Representatives voted 43-26 on Wednesday to advance the measure, which was expected to be approved by the Democratic-controlled state Senate and Republican Governor Susana Martinez, a gun rights advocate who has said she would sign the bill if it reaches her desk.
"She does not believe there should be a loophole where felons or the mentally ill can avoid a background check by purchasing a firearm at a gun show," said Enrique Knell, the governor's spokesman.
The bill would close a loophole that allows firearms sales between private parties at gun shows without a background check and would require gun shows to have a federal firearms licensed dealer present to process the checks.
The bill exempts people who have a concealed carry permit and no checks would be required under the proposal for sales of antique or replica weapons that do not use cartridges, such as muzzle-loading rifles, shotguns or pistols.
The bill also aims to ensure court records of people with mental illness are reported to the instant background check system for screening gun-buyers.
The measure had advanced out of the House Judiciary Committee with the support of nine Democrats and four Republicans.
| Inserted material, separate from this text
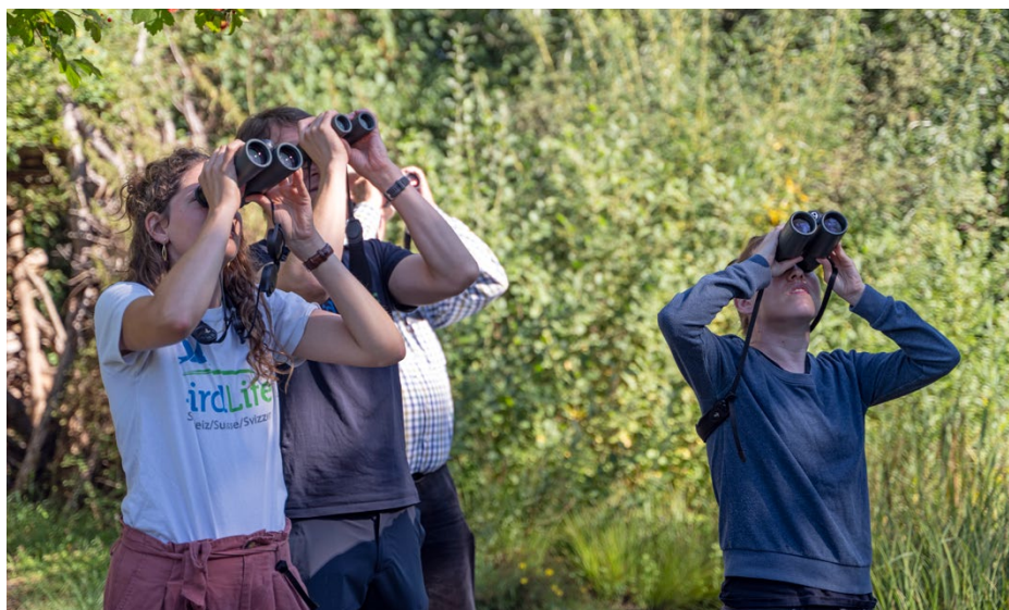
Eine Art zählt, wenn drei von vier Teammitgliedern sie gesehen oder gehört haben.

"Republicans have opposed most if not all Democratic initiatives in that committee, so it was notable to say the least," said Pat Davis, executive director of ProgressNow New Mexico, an advocacy group that supports the gun control proposal.
State Representative Bill McCamley, a Democrat and gun rights advocate who supported the measure, said it did not infringe on legitimate gun ownership rights.
"I'm a firearms owner and the times I've had to undergo a background check it took less than five minutes for me to get that check done," McCamley said. "We're not talking anything onerous or a blockade of anyone's rights."
Josh Kennedy, an organizer for Gun Rights Across America New Mexico, said he believed the bill would infringe on Second Amendment rights to bear arms and would complicate matters for people whose profession is not selling firearms.
"This bill is not taking any step forward to a safer America. It's just monitoring and that's an invasion of privacy," Kennedy said.
Colorado Democrats recently approved a bill that requires universal background checks on all private sales. The state already required background checks at gun shows.
New York, which already had some of the toughest gun control laws in the country, in January expanded an assault weapons ban and limits on high-capacity magazines, and strengthened mental health reporting rules.